America's "divorce" from the rest of the world is doing the country's economy a favor, economists Paul Hickey and Rob Martin told CNBC on Thursday.
"It's not that there aren't leakages, it's not that it doesn't matter what happens in the rest of the world," but after China's market turbulence and the European debt crisis, the U.S. focusing within engenders some major benefits, said Martin, senior U.S. economist at Barclays.
Martin told "Squawk Box" that with jobs growing steadily with over 200,000 added per month and the U.S. hitting record highs at 1.8 million jobs created in 2016, the economy is good without much influence from overseas.

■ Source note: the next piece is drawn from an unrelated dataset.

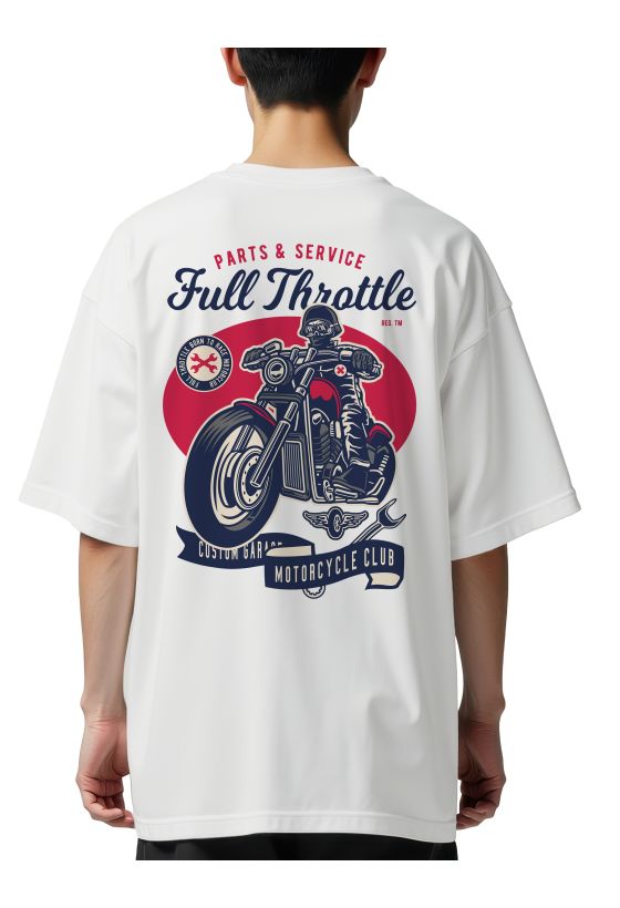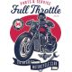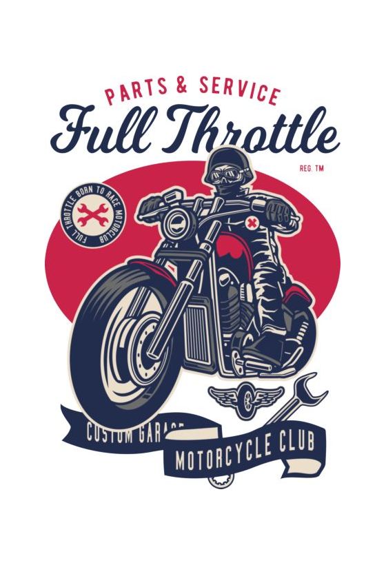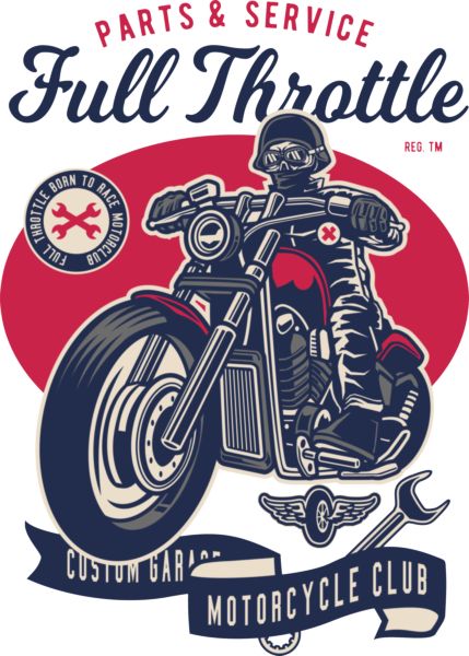 Μοτοσυκλετιστής σε κόκκινο κύκλο, κείμενα «PARTS & SERVICE», «CUSTOM GARAGE».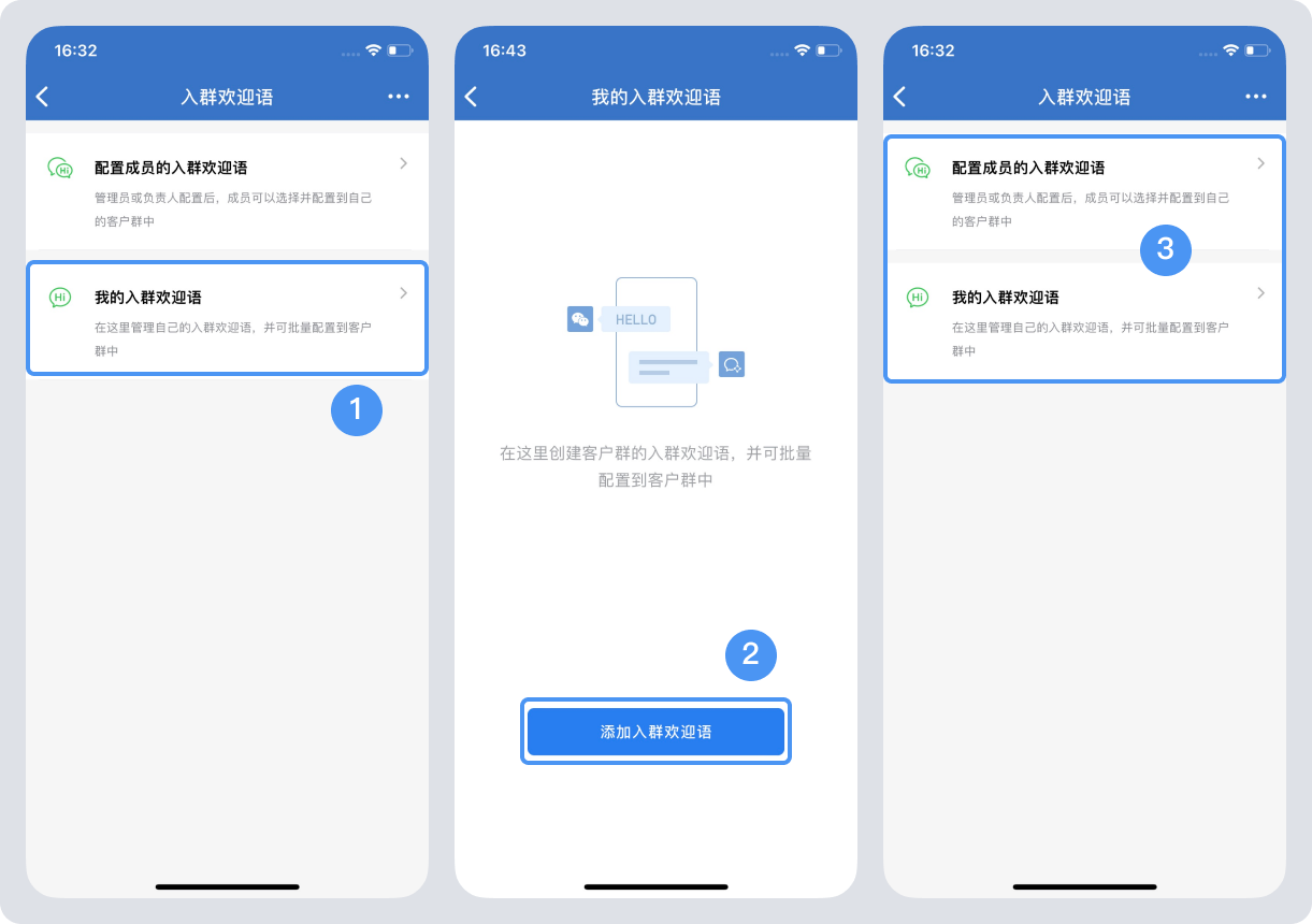 企業(yè)微信管理員以及項目負責人可以通過手機端企業(yè)微信來配置相關的入群歡迎語素材庫,設置完成后尅通知企業(yè)成員配置使用,設置步驟:“工作臺”——“客戶群”——“入群歡迎語”——“配置成員的入群歡迎語”,配置完成后,企業(yè)成員可以選擇并配置到自己的客戶群內(nèi)。

Hickey, co-founder of Bespoke Investment Group, said events like Brexit and Deutsche Bank's recent stock volatility, occurring in supposedly "safe" developed markets, causes a flow of capital into more stable markets like the United States.
"We have all the problems outside of the U.S., we have slow, steady growth in the U.S., and that's causing a premium on U.S. assets," he added.
Anticipation is building ahead of a possible Fed interest rate hike in December, but Martin said some members of the Federal Open Market Committee have proven exceedingly dovish, avoiding a rate hike until they see obvious harm to the U.S. economic system.
Hickey said investors are also anticipating "seeing stronger economic data, stronger economic growth, and stronger earnings data," causing a shift into more "growth-orientated" sectors of the market, like technology.
But Martin said the United States "could use some certainty in policy and a little bit more steadiness at the helm."